_REQUIRED ACTION_: Use the entries below and reproduce exactly the lines from the one containing "開花が白梅よりも遅れていた紅" down to the one containing "Transportador de rodillos", both of them included.

(Excerpts from a dataset)
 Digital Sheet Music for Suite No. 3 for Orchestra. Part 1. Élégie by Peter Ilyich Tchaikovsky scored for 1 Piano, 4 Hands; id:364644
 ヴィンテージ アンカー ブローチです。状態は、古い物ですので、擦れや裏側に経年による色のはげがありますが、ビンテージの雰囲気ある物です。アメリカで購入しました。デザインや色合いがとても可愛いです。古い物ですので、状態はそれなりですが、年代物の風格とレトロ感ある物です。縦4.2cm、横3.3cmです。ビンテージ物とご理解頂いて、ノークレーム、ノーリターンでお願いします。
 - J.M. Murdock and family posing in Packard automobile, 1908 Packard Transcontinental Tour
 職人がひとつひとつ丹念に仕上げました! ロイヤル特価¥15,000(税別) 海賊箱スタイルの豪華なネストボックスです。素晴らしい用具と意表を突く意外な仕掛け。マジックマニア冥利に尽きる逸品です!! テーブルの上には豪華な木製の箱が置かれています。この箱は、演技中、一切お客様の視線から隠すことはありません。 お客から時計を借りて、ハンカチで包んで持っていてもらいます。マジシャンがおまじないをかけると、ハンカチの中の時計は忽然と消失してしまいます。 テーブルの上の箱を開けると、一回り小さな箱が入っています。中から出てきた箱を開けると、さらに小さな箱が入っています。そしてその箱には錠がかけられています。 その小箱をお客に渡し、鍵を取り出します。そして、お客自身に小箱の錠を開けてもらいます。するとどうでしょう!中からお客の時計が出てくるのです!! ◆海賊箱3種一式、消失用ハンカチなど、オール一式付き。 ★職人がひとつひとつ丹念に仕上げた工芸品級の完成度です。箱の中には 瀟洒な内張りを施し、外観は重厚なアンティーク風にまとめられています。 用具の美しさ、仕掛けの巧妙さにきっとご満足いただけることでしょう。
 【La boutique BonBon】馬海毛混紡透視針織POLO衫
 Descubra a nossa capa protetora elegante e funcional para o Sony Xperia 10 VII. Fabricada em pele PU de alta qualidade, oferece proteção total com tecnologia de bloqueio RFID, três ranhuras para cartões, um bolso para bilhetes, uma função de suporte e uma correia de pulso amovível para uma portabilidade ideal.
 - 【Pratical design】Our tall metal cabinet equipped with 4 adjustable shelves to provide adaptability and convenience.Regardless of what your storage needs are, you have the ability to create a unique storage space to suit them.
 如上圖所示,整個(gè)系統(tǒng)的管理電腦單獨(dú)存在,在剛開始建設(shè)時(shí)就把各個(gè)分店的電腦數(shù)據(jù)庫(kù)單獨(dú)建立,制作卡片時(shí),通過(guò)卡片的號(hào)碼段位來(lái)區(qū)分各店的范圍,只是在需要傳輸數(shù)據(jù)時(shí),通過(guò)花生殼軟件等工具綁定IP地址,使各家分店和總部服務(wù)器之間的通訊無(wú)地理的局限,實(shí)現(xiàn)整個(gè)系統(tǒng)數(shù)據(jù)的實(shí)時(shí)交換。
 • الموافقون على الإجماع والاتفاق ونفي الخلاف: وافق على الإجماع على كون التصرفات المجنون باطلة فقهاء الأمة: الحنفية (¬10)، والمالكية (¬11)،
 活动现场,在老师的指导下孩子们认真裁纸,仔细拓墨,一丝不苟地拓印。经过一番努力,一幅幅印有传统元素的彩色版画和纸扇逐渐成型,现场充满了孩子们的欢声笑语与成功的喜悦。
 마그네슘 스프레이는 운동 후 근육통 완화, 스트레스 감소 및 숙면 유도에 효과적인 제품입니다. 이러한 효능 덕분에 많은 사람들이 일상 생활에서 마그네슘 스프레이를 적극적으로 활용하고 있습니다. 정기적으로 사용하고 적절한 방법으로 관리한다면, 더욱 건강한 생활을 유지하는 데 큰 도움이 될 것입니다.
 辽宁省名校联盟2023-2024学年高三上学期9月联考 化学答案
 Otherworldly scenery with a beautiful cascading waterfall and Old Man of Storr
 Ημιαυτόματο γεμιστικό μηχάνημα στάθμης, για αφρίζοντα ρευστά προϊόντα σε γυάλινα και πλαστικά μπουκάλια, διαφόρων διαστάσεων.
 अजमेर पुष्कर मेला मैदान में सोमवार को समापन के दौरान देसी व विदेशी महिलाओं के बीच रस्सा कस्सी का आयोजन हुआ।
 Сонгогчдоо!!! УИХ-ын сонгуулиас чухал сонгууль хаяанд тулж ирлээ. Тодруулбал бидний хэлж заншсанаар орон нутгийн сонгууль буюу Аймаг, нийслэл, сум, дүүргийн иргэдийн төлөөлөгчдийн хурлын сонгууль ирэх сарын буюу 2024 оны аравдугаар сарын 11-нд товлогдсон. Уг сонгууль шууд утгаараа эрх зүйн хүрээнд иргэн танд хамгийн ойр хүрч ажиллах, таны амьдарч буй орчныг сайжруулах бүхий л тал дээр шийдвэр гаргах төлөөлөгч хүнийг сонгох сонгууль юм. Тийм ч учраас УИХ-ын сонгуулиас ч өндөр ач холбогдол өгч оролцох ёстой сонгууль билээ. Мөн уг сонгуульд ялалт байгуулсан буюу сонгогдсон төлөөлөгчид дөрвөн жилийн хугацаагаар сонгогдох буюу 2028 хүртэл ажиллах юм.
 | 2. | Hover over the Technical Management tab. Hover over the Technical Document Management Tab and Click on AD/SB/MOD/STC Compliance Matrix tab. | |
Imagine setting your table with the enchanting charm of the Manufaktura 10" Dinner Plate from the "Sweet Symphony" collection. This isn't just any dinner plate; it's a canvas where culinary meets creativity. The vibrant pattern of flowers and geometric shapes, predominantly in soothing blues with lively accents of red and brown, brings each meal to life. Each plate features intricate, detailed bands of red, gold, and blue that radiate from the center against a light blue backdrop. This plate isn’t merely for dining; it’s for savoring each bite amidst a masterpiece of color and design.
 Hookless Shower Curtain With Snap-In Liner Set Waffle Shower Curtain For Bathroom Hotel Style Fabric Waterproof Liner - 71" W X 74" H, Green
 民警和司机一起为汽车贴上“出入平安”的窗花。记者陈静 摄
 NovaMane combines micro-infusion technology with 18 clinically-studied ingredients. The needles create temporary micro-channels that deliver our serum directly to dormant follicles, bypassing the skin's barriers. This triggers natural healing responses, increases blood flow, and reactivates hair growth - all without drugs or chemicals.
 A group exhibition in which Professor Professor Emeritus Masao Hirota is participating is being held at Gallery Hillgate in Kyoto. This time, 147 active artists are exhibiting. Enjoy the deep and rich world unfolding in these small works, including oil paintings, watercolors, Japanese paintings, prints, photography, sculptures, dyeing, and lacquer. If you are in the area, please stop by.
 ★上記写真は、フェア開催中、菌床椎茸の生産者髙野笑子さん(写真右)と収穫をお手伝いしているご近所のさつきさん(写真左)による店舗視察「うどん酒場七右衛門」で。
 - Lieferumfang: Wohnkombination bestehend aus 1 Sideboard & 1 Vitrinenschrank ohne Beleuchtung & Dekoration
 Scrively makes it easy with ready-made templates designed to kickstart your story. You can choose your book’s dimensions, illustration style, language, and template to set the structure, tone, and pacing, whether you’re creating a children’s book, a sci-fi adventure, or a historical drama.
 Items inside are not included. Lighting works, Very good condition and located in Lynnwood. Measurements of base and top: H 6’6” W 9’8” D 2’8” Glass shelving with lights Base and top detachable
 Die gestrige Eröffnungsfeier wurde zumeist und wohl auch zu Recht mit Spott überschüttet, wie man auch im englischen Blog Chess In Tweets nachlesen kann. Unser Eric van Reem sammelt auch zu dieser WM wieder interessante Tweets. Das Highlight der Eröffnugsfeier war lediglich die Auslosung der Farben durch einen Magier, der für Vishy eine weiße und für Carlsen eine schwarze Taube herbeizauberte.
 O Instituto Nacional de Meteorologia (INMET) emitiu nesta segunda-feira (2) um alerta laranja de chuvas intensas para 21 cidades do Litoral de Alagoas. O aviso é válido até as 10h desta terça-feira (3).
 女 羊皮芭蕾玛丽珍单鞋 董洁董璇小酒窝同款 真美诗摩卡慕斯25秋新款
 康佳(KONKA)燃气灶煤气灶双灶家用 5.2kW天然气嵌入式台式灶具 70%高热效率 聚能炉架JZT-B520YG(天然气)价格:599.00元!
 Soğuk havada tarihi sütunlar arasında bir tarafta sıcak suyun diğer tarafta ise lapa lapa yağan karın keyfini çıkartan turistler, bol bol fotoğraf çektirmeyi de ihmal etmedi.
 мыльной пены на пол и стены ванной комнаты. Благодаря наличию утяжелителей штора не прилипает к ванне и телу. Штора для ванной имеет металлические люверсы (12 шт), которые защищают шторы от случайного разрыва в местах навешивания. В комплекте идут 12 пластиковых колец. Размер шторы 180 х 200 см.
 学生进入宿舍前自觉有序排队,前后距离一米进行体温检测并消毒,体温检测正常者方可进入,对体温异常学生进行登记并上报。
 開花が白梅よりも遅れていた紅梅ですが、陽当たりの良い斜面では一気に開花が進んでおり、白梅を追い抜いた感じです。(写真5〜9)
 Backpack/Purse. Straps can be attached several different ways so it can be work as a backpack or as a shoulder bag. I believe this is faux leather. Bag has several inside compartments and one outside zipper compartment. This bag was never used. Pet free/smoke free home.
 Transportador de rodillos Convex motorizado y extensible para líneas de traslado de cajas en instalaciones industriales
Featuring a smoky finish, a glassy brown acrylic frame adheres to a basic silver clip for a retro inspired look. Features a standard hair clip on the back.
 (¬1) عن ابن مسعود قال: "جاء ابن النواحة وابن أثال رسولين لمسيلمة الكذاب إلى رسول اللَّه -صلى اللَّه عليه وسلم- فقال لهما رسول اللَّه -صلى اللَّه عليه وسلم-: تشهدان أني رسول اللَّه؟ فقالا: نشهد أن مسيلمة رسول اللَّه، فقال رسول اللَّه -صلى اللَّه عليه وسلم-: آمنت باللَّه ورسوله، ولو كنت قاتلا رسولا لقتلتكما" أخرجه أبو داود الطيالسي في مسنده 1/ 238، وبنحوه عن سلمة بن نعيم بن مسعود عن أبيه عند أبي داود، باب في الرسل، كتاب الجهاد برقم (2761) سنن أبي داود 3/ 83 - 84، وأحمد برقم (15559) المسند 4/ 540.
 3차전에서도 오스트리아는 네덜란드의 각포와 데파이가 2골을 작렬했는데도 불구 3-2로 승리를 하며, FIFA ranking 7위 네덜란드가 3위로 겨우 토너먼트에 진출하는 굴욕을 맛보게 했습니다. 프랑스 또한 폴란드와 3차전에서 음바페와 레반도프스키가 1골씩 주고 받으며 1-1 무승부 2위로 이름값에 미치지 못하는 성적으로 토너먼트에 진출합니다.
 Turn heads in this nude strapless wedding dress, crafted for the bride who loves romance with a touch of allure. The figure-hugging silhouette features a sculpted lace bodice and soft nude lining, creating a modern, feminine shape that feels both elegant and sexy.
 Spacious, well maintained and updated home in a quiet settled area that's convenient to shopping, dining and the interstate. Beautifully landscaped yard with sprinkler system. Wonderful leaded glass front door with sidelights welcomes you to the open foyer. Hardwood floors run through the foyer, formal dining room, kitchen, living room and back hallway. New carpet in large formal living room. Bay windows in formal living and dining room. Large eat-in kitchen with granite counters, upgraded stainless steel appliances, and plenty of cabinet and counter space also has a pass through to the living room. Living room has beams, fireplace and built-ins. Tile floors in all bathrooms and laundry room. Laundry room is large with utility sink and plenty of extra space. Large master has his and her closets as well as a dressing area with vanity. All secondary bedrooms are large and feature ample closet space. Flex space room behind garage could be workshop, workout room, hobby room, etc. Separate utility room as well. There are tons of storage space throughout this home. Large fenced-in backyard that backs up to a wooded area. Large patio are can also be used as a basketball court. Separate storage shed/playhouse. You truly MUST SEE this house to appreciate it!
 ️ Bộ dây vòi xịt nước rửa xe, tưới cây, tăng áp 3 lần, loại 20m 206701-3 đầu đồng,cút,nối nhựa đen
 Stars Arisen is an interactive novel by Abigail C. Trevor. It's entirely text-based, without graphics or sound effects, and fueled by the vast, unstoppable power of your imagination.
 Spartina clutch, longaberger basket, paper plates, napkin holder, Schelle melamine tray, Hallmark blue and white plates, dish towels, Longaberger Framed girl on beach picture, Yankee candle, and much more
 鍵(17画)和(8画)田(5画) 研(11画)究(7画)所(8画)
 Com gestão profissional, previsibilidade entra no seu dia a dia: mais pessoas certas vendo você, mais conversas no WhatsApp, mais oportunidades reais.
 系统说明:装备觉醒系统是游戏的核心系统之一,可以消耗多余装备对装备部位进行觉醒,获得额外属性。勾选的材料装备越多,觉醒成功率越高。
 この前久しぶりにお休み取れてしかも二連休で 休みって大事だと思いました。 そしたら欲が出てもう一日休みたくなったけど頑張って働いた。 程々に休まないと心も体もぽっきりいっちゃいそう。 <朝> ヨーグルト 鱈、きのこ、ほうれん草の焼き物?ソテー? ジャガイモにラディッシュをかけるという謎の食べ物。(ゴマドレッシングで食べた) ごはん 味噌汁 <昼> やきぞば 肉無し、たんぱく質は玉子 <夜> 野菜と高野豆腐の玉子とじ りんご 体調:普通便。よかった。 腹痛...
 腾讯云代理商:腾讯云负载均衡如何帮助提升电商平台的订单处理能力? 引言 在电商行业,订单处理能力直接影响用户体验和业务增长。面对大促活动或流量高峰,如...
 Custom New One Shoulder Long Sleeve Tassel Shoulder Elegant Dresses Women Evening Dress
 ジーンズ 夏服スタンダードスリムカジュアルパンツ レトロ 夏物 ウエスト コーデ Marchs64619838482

_RESULT OF THE TASK_:
 開花が白梅よりも遅れていた紅梅ですが、陽当たりの良い斜面では一気に開花が進んでおり、白梅を追い抜いた感じです。(写真5〜9)
 Backpack/Purse. Straps can be attached several different ways so it can be work as a backpack or as a shoulder bag. I believe this is faux leather. Bag has several inside compartments and one outside zipper compartment. This bag was never used. Pet free/smoke free home.
 Transportador de rodillos Convex motorizado y extensible para líneas de traslado de cajas en instalaciones industriales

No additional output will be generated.